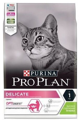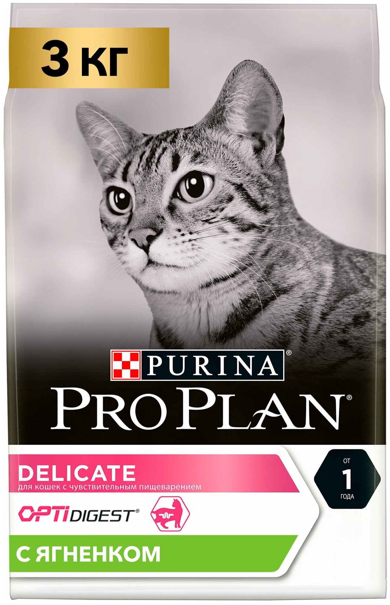 Корм сухой Pro Plan Delicate Adult OPTIdigest для взрослых кошек с чувствительным пищеварением, ягненок, 3 кг
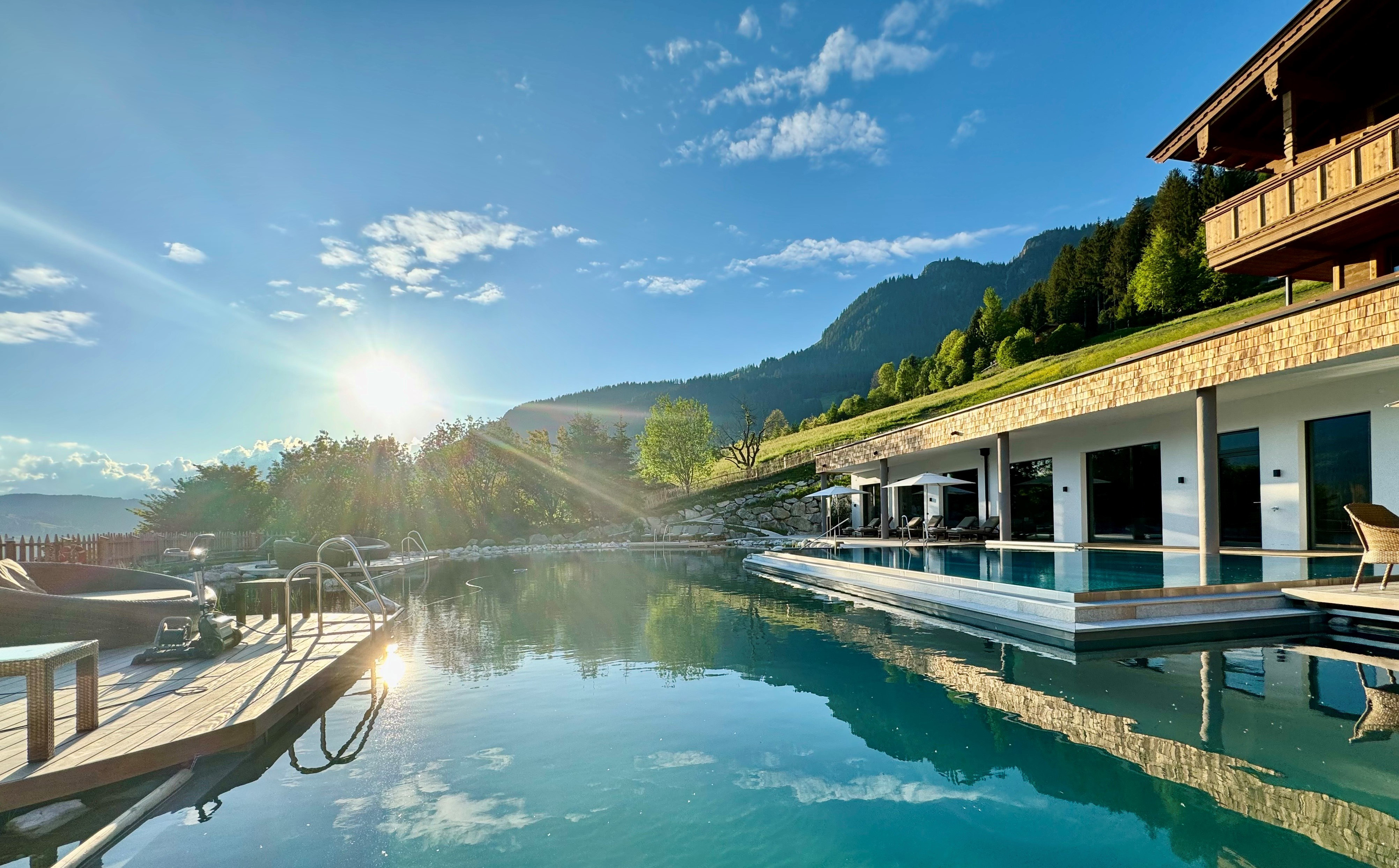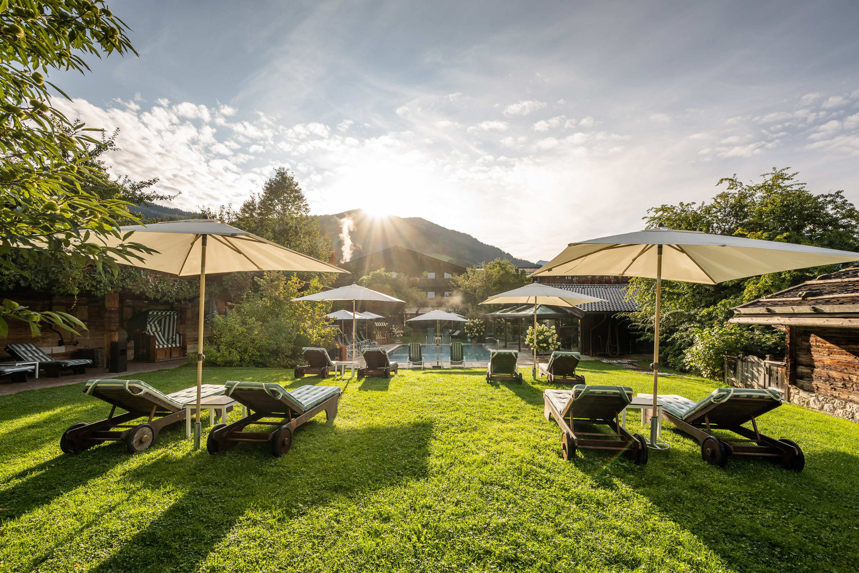 Natürliche Materialien, viel Tageslicht und Holz sowie edle Stoffe sorgen im neuen Adults-only „pure nature spa“ für eine angenehme Atmosphäre. Es gibt viel Freiraum für Gäste, der liebevoll angelegte Garten lockt in der warmen Jahreszeit ins Freie. Eines der Highlights ist ein großzügiger Naturpool mit ganzjährig beheiztem Outdoorpool und grandiosem Bergpanorama. Ebenso Adults-only sind Biosauna und Dampfbad, so auch die Eventsauna mit täglich zwei Aufgüssen und einem wunderbaren Ausblick auf Alpbach und den Galtenberg, nach denen es sich in der Kaltwassergrotte herrlich abkühlen lässt. Gespeist wird diese aus der hauseigenen Quelle, die direkt dem Gratlspitz entspringt.
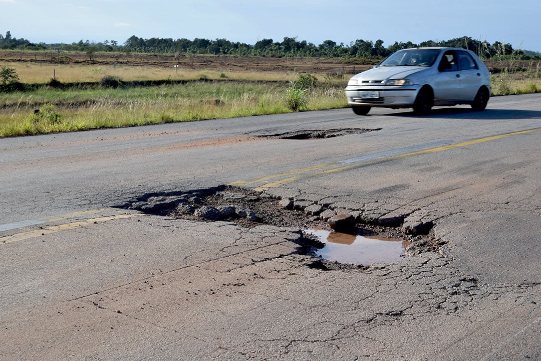 Na medida em que a capital de Roraima fica mais distante, a quantidade de buracos e o tamanho das crateras aumentam, a exemplo da zona rural de Rorainópolis, em que motoristas precisam trafegar em zigue-zague.
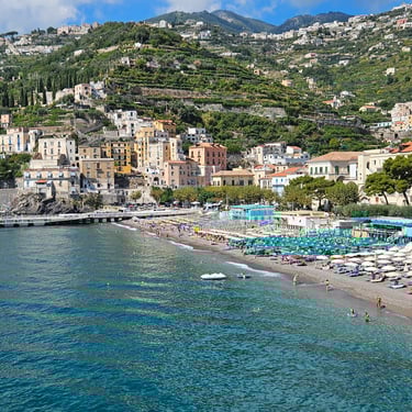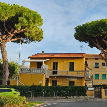 The Hotel il Delfino was next to the sea and, unusually, the balcony had a clothes airer which was useful for drying washed clothing. The room, however, had the major hazard of water dripping from the air conditioner. Spare towels were used to try to control the puddle on the floor. The problem was evidently not new as the floor tiles were starting to lift. Dinner was at a very busy pizzaria.
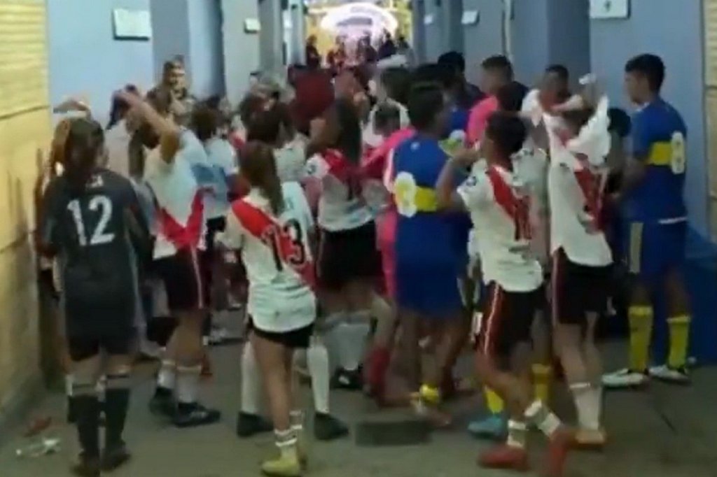 Σε τουρνουά ακαδημιών, στην Παραγουάη, αγόρια της Μπόκα Κ-13 τραγούδησαν συνθήματα, μαζί με κορίτσια της Ρίβερ Κ-16.
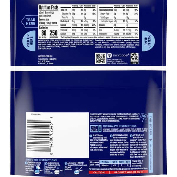 No artificial flavors. Per 3/4 Cup: 80 calories; 0.5 g sat. fat (3% DV); 210 mg sodium (9% DV); 6 g total sugars. Steamfresh. Cooks in the bag. how2recycle.info. SmartLabel. Scan or call 1-888-327-9060 for more food information. Questions or comments, visit us at www.birdeye.com or call Mon.-Fri., 1-888-327-9060 (except national holidays). Please have entire package available when you call so we may gather information off the label.
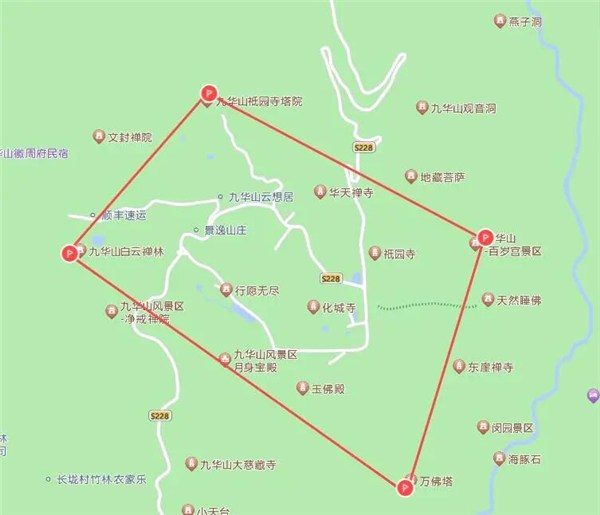 (三)九华山风景区核心景区:九华山白云禅林西侧20米、祇园寺塔院北侧、百岁宫景区东侧、万佛塔南侧四点范围内。坐标点:
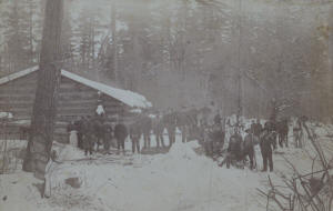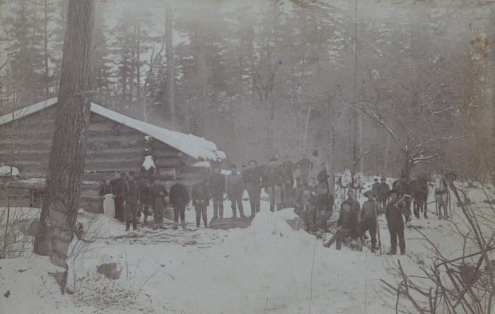 Charles Funk, wearing a large hat, with a cant hook in hand.  Otto Funk is sitting.  This photo was taken at a lumber camp.
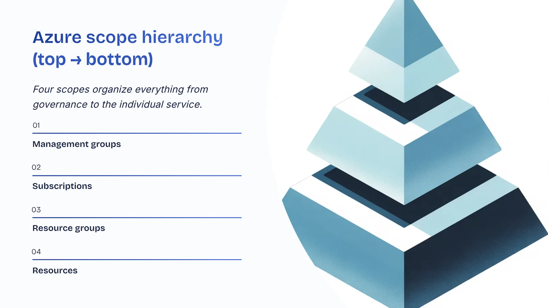 Azure scope hierarchy (top → bottom)Four scopes organize everything from governance to the individual service. Management groups. Subscriptions. Resource groups. Resources.
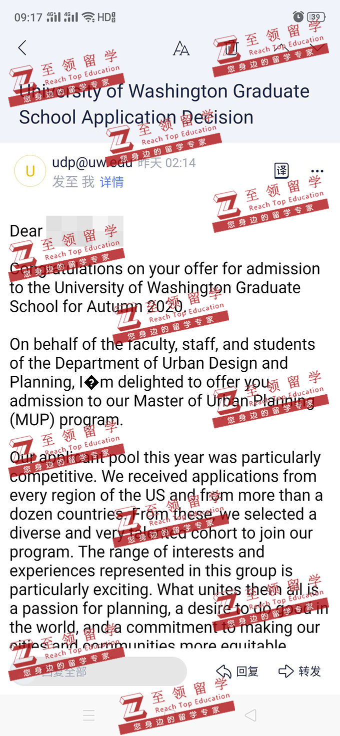 录取结果:University of Washington,Master of Urban Planning (MUP) program西雅图华盛顿大学城市规划硕士录取
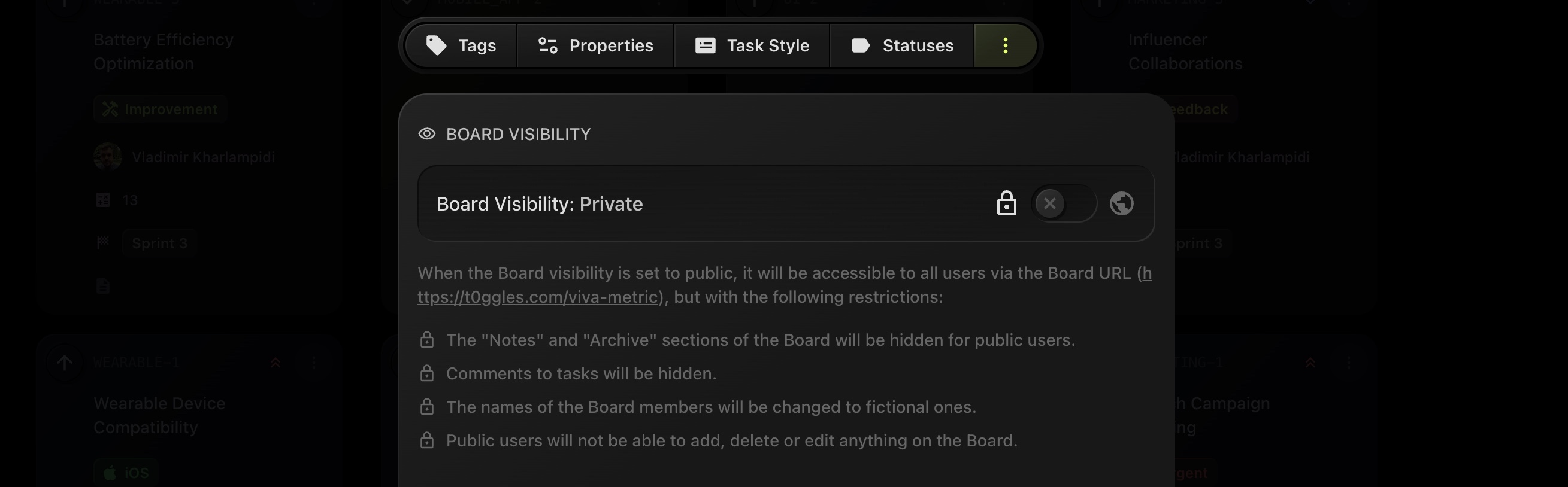 If you change the visibility to Public, the board becomes accessible to everyone via a public URL. However, several restrictions are automatically applied:

++++++++

**Prompt**
Would you restate, exactly and with no pictures, the lines of the entries above from the one containing "Natürliche Materialien, viel" through the one containing "Na medida em"?

**Answer box**
 Natürliche Materialien, viel Tageslicht und Holz sowie edle Stoffe sorgen im neuen Adults-only „pure nature spa“ für eine angenehme Atmosphäre. Es gibt viel Freiraum für Gäste, der liebevoll angelegte Garten lockt in der warmen Jahreszeit ins Freie. Eines der Highlights ist ein großzügiger Naturpool mit ganzjährig beheiztem Outdoorpool und grandiosem Bergpanorama. Ebenso Adults-only sind Biosauna und Dampfbad, so auch die Eventsauna mit täglich zwei Aufgüssen und einem wunderbaren Ausblick auf Alpbach und den Galtenberg, nach denen es sich in der Kaltwassergrotte herrlich abkühlen lässt. Gespeist wird diese aus der hauseigenen Quelle, die direkt dem Gratlspitz entspringt.
 Na medida em que a capital de Roraima fica mais distante, a quantidade de buracos e o tamanho das crateras aumentam, a exemplo da zona rural de Rorainópolis, em que motoristas precisam trafegar em zigue-zague.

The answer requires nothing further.